Records from a collection ::
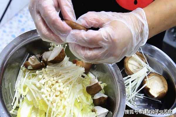 洗干净以后把香菇掰成小块,金针菇打散,白菜也掰成块,用手掰开的食材边缘不规则,方便入味。
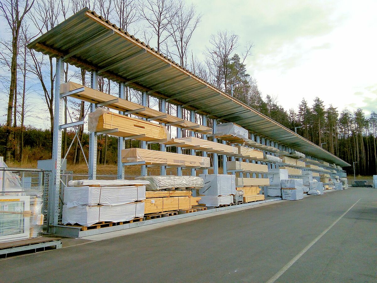 In particular, DFH Haus CZ manufactures prefabricated houses of the Okal brand – these are not small off-the-shelf projects, but individually planned and designed sustainable houses. Consequently, the storage requirements are extensive for the materials required to construct the prefabricated house components. To provide enough storage capacities for this, the company first installed cantilever racks externally in 2018, which defied wind and weather thanks to hot-dip galvanising and the sloping roof. The racks are approx. 6 metres high and offer up to five storage levels, with each of the 1.200 mm long arms carrying a weight of up to 1 tonne.
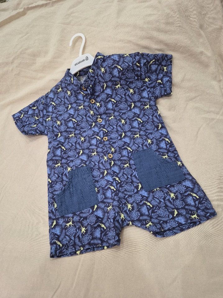 Kısa kollu, mavi renkli, renkli batik desenli, düğmeli ve boğazlı bebek tulumu. Sadece bir kere giyildi. %100 pamuk.
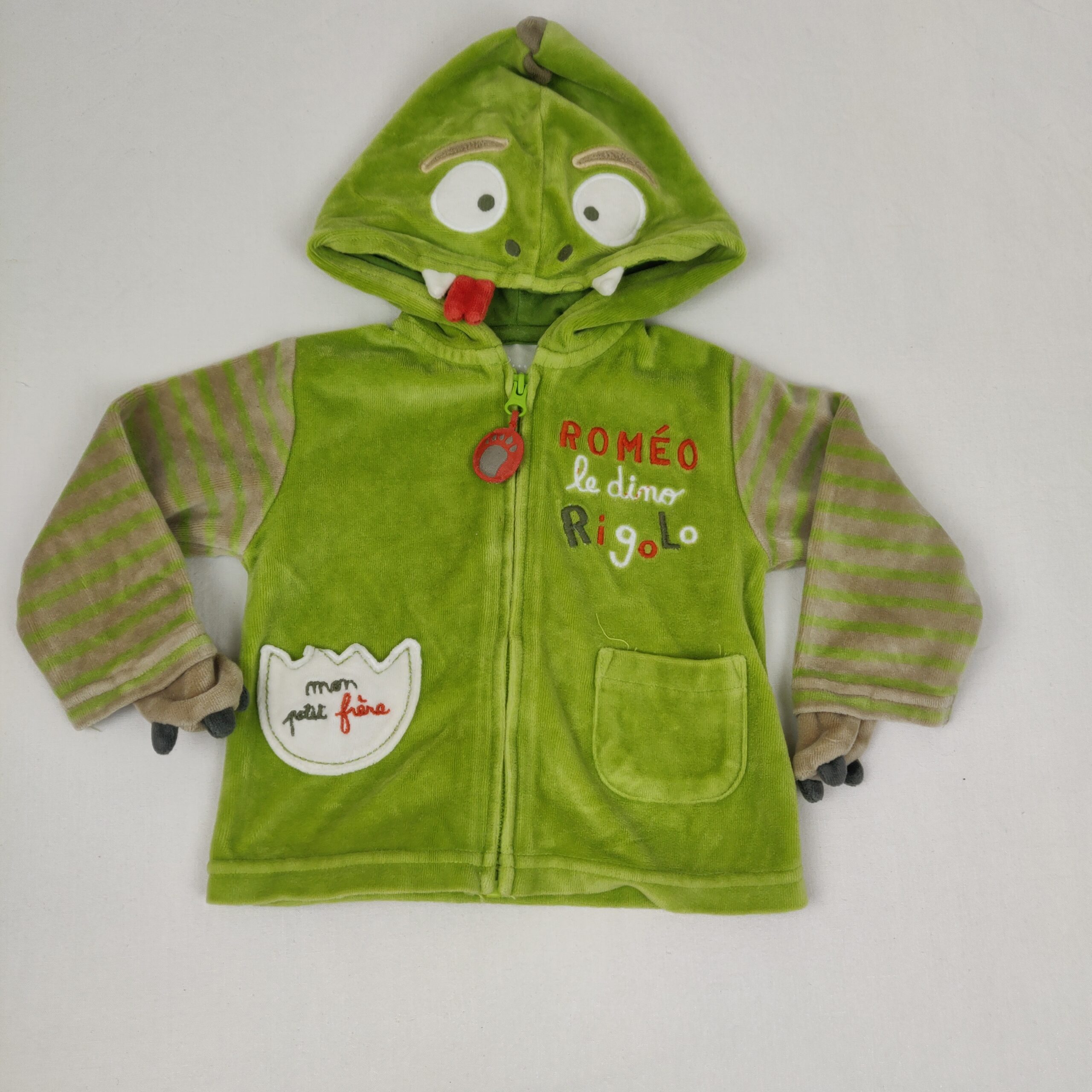 Autres commentaires : 20% polyester, gilet à capuche, doublure capuche en jersey 100% coton, fermeture par zip, motif tête et queue de dinosaure, inscription « Roméo le dino Rigolo »
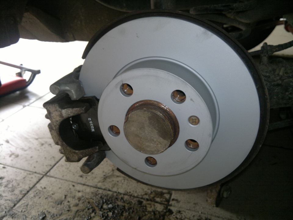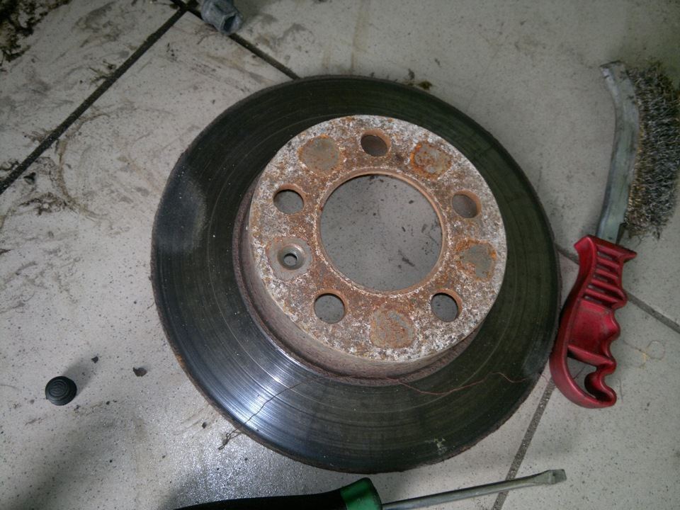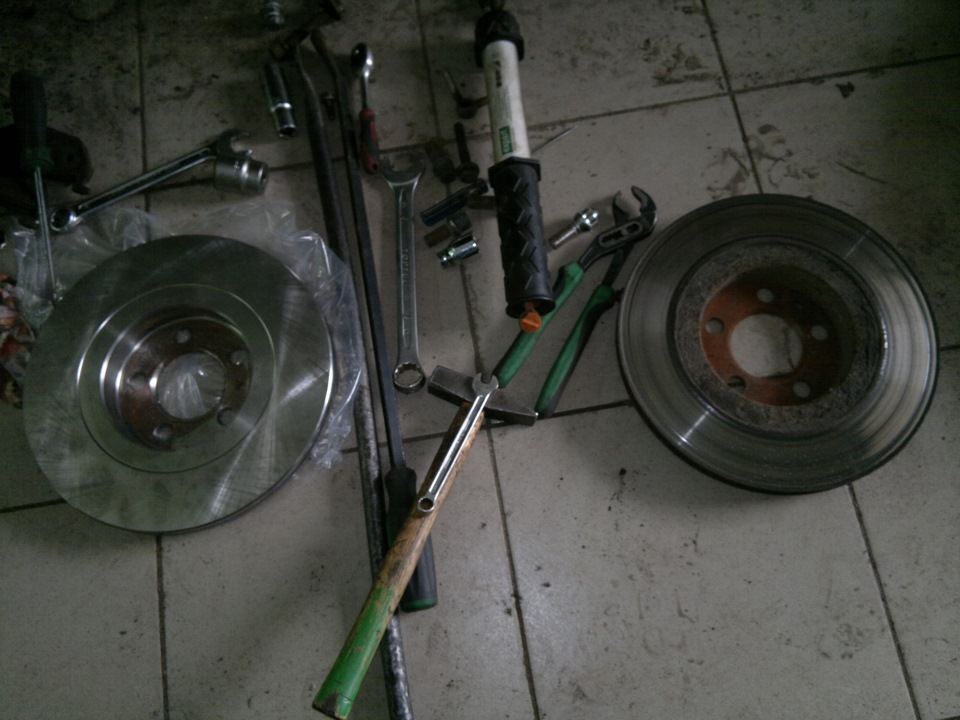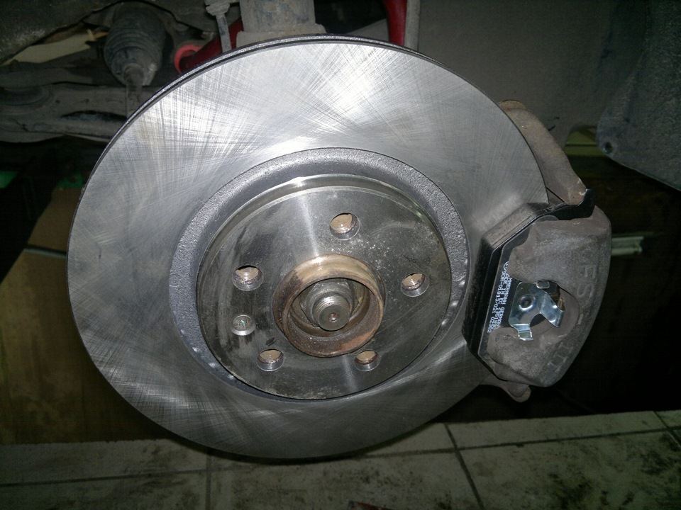 Во время замены обнаружилась проблема в левой цапфе ("слизана" резьба направляющей скобы тормозного суппорта) — тут же сняли и отвезли токарю, который проведя не хитрые манипуляции восстановил дорогостоящую деталь за символическую сумму в 80 гривен.
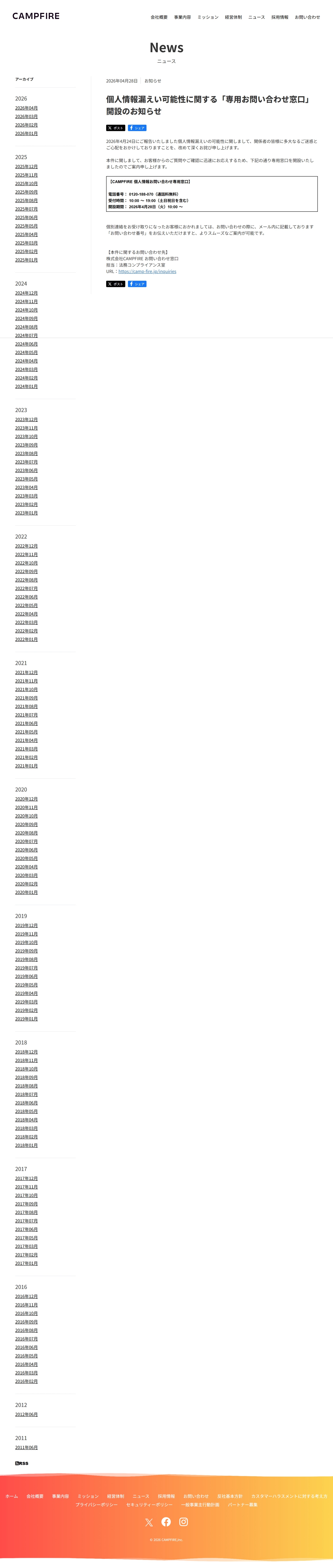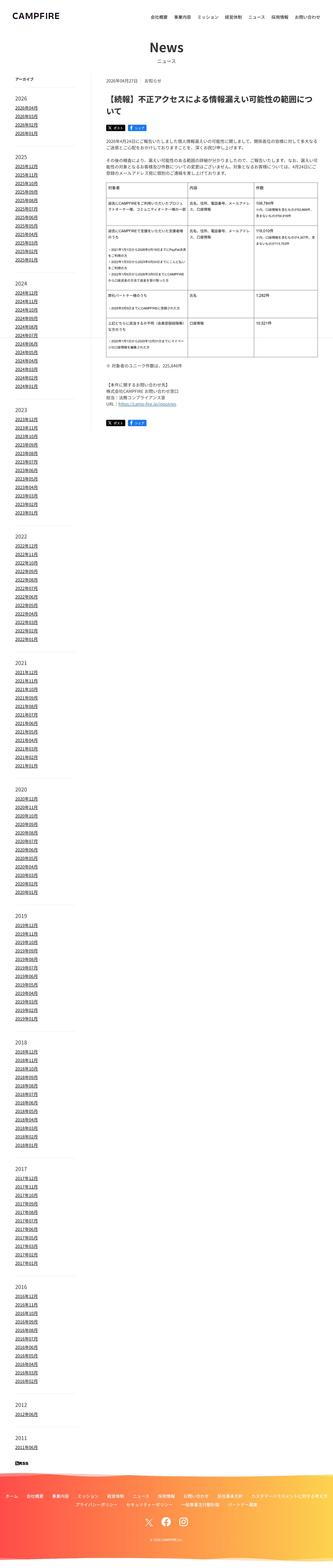 個人情報漏えい可能性に関する「専用お問い合わせ窓口」開設のお知らせ – 株式会社CAMPFIRE
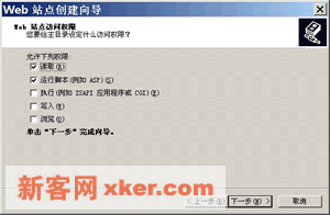 ??8.如右图,指定该站点的权限,默认为"读取"和"运行脚本",这对一般的站点而言已经足够了。有关权限的问题将在本课程的后续部分详细介绍。单击【下一步】。
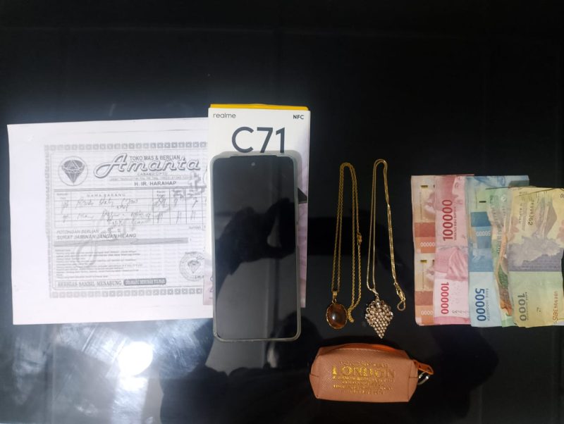Saat ditangkap, pelaku sempat tidak mengakui perbuatannya. Namun, dari pemeriksaan telepon genggamnya ditemukan foto-foto perhiasan yang diduga milik korban, serta uang tunai sebesar Rp 3.475.000.
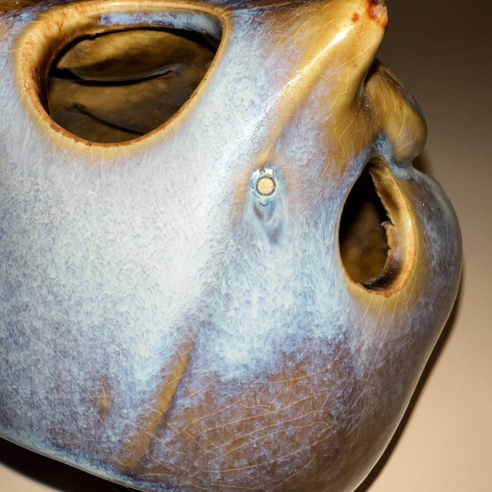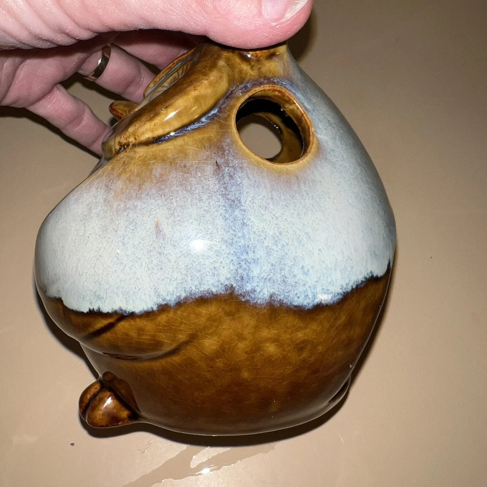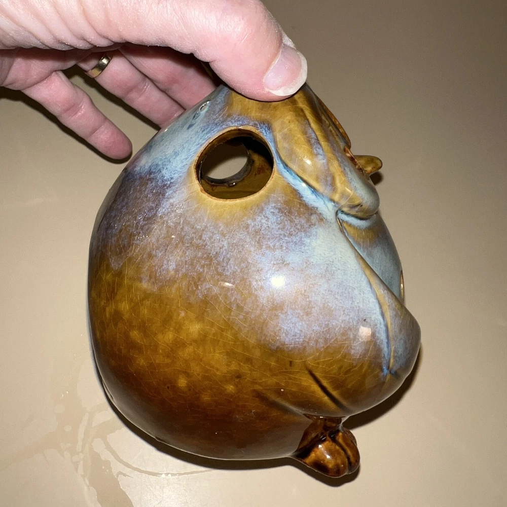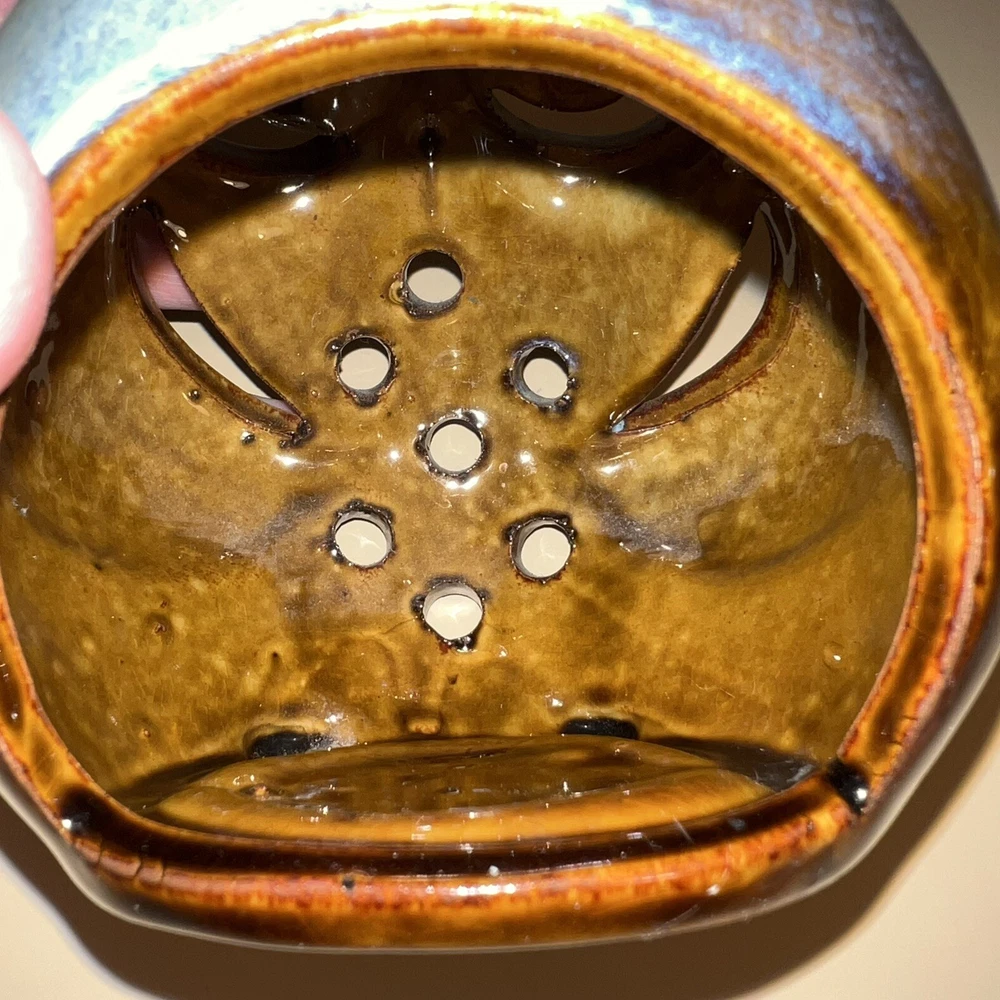 This Pier 1 Imports ceramic owl candle holder is the perfect addition to any room. With its rustic, bohemian style, it is suitable for all occasions and suitable for holding mini candles or being placed on window sills or furniture. The blue pottery and high gloss finish give it a unique, glazed look that adds a 3D effect. Its size is medium, measuring 5 inches in height, and it is made of high-quality ceramic. This candle holder is perfect for those who love animals and dinosaurs, fantasy and periods/styles, and wildlife. It features a beautiful, mystical owl design that is perfect for adding a touch of magic to any space. All Pier 1 items are discontinued - if you are an owl collector, pottery lover or cottagecore, boho style fan, then you will adore this owl in your home. Small glaze inclusion on back of owl, behind ear. Clearly photographed.
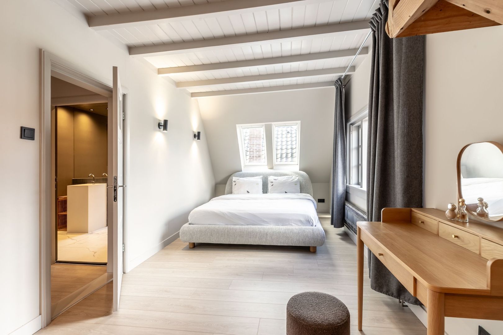 In het achterhuis bereik je via de open trapopgang de bijzonder sfeervolle slaapkamer met dakramen, open kastruimte, berging met opstelplek voor de wasmachine en er is toegang tot de badkamer. De moderne badkamer heeft een ruime inloopdouche en een wastafelmeubel.
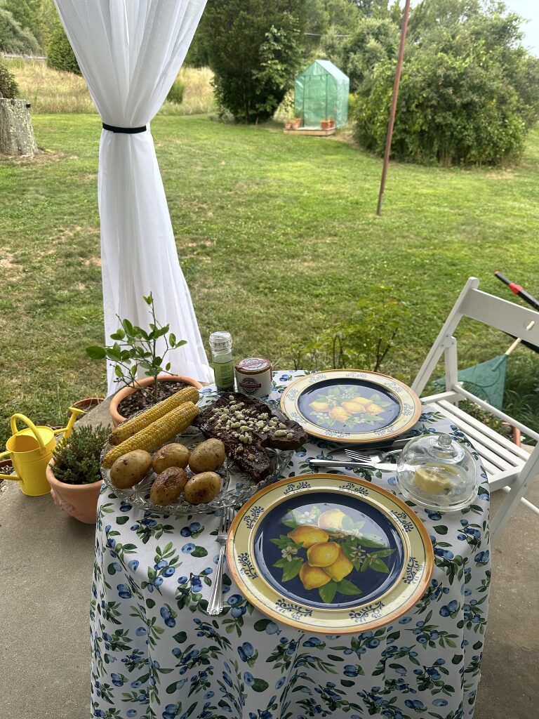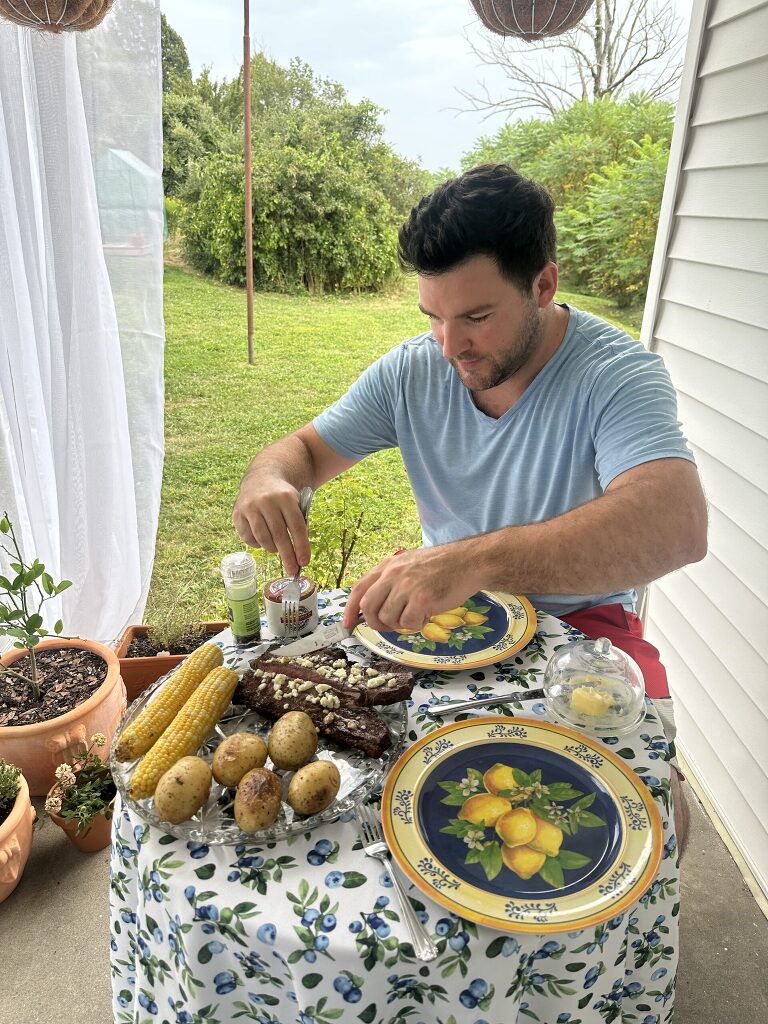 This was the summer that we leaned into being home. As renters, it sometimes feels hard to settle in as nothing feels permanent, but Matthew and I really made the most of where we are. Matthew fixed up an old grill that was gifted to us for free and he has been learning how to cook on it this summer. We have eaten al fresco as much as possible, which was my biggest summer goal, and we updated the front porch with more seating, plants for the pollinators and sheer curtains to keep out the bugs at night. Matthew even hung solar powered string lights. It has extended our time spent outdoors and has added a sense of tranquility that has been missing when we get home from work. Instead of being inside at twilight or after dark, we’ve spent evenings eating dinner, reading and even watching our favorite shows right on the front porch.
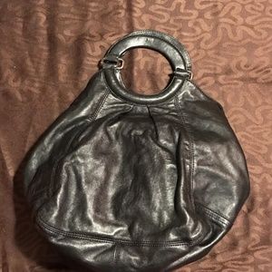 Sleek black leather hobo bag. Features dual zippers and round handles. Stylish and versatile.
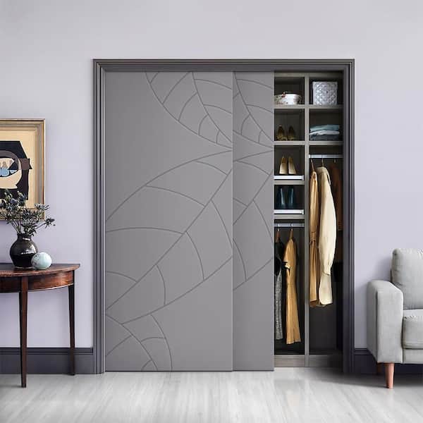 60 in. x 80 in. Hollow Core Light Gray Stained Composite MDF Interior Double Closet Sliding Doors
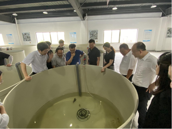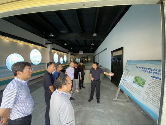 严云志等一行参观了淡水渔业研究中心保种基地、安庆试验基地的宿舍、食堂、实验室和养殖塘口等设施,了解了基地的平台建设、运营模式、科研方向等情况。

PROBLEM DESCRIPTION :: Retype, exactly as written, each line from the one containing "60 in. x 80" through the end of the data above, and leave out every picture.

RESULT ::
 60 in. x 80 in. Hollow Core Light Gray Stained Composite MDF Interior Double Closet Sliding Doors
 严云志等一行参观了淡水渔业研究中心保种基地、安庆试验基地的宿舍、食堂、实验室和养殖塘口等设施,了解了基地的平台建设、运营模式、科研方向等情况。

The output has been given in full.